# **Title of Project**

 Churn Prediction in Banking

## **Objective**

The objective of this project is to predict customer churn in a banking dataset using various machine learning algorithms and identify the best-performing model for future predictions.

## **Data Source**

The dataset used in this project is 'Churn_Modelling.csv.'

## **Import Library**

In [None]:
import pandas as pd
import numpy as np
import seaborn as sns
import warnings
from imblearn.over_sampling import SMOTE
from sklearn.model_selection import train_test_split
from sklearn.preprocessing import StandardScaler
from sklearn.linear_model import LogisticRegression
from sklearn import svm
from sklearn.neighbors import KNeighborsClassifier
from sklearn.tree import DecisionTreeClassifier
from sklearn.ensemble import RandomForestClassifier, GradientBoostingClassifier
import xgboost as xgb
from sklearn.metrics import accuracy_score, precision_score, recall_score, f1_score
import joblib


## **Import Data**

In [None]:
df = pd.read_csv('Churn_Modelling.csv')


## **Describe Data**

In [None]:
df.info()
df.describe(include='all')
df.isnull().sum()


## **Data Visualization**

In [None]:
sns.countplot(df['Exited'])


## **Data Preprocessing**

In [None]:
df = df.drop(['RowNumber', 'CustomerId', 'Surname'], axis=1)
df = pd.get_dummies(df, drop_first=True)


## **Define Target Variable (y) and Feature Variables (X)**

In [None]:
X = df.drop('Exited', axis=1)
y = df['Exited']


## **Train Test Split**

In [None]:
X_res, y_res = SMOTE().fit_resample(X, y)
X_train, X_test, y_train, y_test = train_test_split(X_res, y_res, test_size=0.3, random_state=47)


## **Modeling**

In [None]:
sc = StandardScaler()
X_train = sc.fit_transform(X_train)
X_test = sc.transform(X_test)

# Logistic Regression
log = LogisticRegression()
log.fit(X_train, y_train)

# SVM
svm_model = svm.SVC()
svm_model.fit(X_train, y_train)

# KNeighbors Classifier
knn = KNeighborsClassifier()
knn.fit(X_train, y_train)

# Decision Tree Classifier
dt = DecisionTreeClassifier()
dt.fit(X_train, y_train)

# Random Forest Classifier
rf = RandomForestClassifier()
rf.fit(X_train, y_train)

# Gradient Boosting Classifier
gbc = GradientBoostingClassifier()
gbc.fit(X_train, y_train)

# XGBoost
model_xgb = xgb.XGBClassifier(random_state=42, verbosity=0)
model_xgb.fit(X_train, y_train)


## **Model Evaluation**

In [None]:
# Evaluation Metrics
def evaluate_model(model, X_test, y_test):
    y_pred = model.predict(X_test)
    print(f"Accuracy: {accuracy_score(y_test, y_pred)}")
    print(f"Precision: {precision_score(y_test, y_pred)}")
    print(f"Recall: {recall_score(y_test, y_pred)}")
    print(f"F1 Score: {f1_score(y_test, y_pred)}")

# Evaluate Models
evaluate_model(log, X_test, y_test)
evaluate_model(svm_model, X_test, y_test)
evaluate_model(knn, X_test, y_test)
evaluate_model(dt, X_test, y_test)
evaluate_model(rf, X_test, y_test)
evaluate_model(gbc, X_test, y_test)
evaluate_model(model_xgb, X_test, y_test)


## **Prediction**

In [None]:
# Save the best model (XGBoost)
model_xgb.fit(X_res, y_res)
joblib.dump(model_xgb, 'churn_predict_model')
model = joblib.load('churn_predict_model')


## **Explaination**

The project focuses on predicting customer churn in a banking dataset.
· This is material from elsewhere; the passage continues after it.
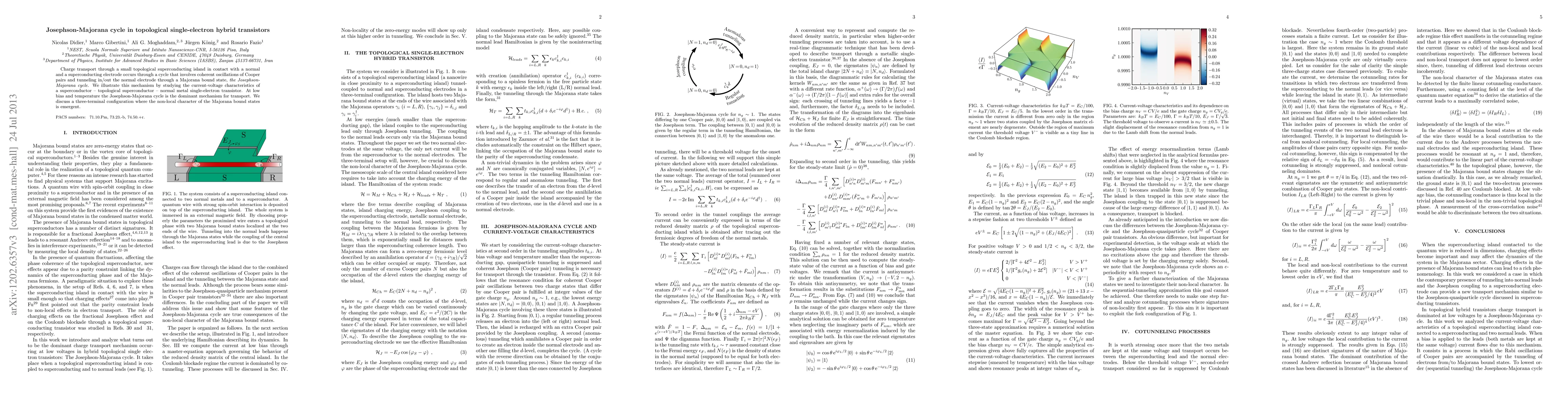 This paper investigates the Josephson-Majorana cycle in a topological single-electron transistor, where charge transport involves coherent Cooper pair oscillations and tunneling via Majorana bound states. At low bias and temperature, this cycle dominates the current-voltage characteristics, and the study also explores a three-terminal setup highlighting the non-local nature of Majorana states.

After importing the necessary libraries and loading the data, irrelevant features are dropped, and categorical data is encoded. The target variable (Exited) and feature variables are defined, and the dataset is split into training and testing sets. To address imbalanced data, the Synthetic Minority Over-sampling Technique (SMOTE) is applied.

Several machine learning models, including Logistic Regression, SVM, KNeighbors Classifier, Decision Tree Classifier, Random Forest Classifier, Gradient Boosting Classifier, and XGBoost, are trained and evaluated using accuracy, precision, recall, and F1 score metrics. The XGBoost classifier is identified as the best-performing model based on accuracy.

Finally, the best model (XGBoost) is saved for future predictions.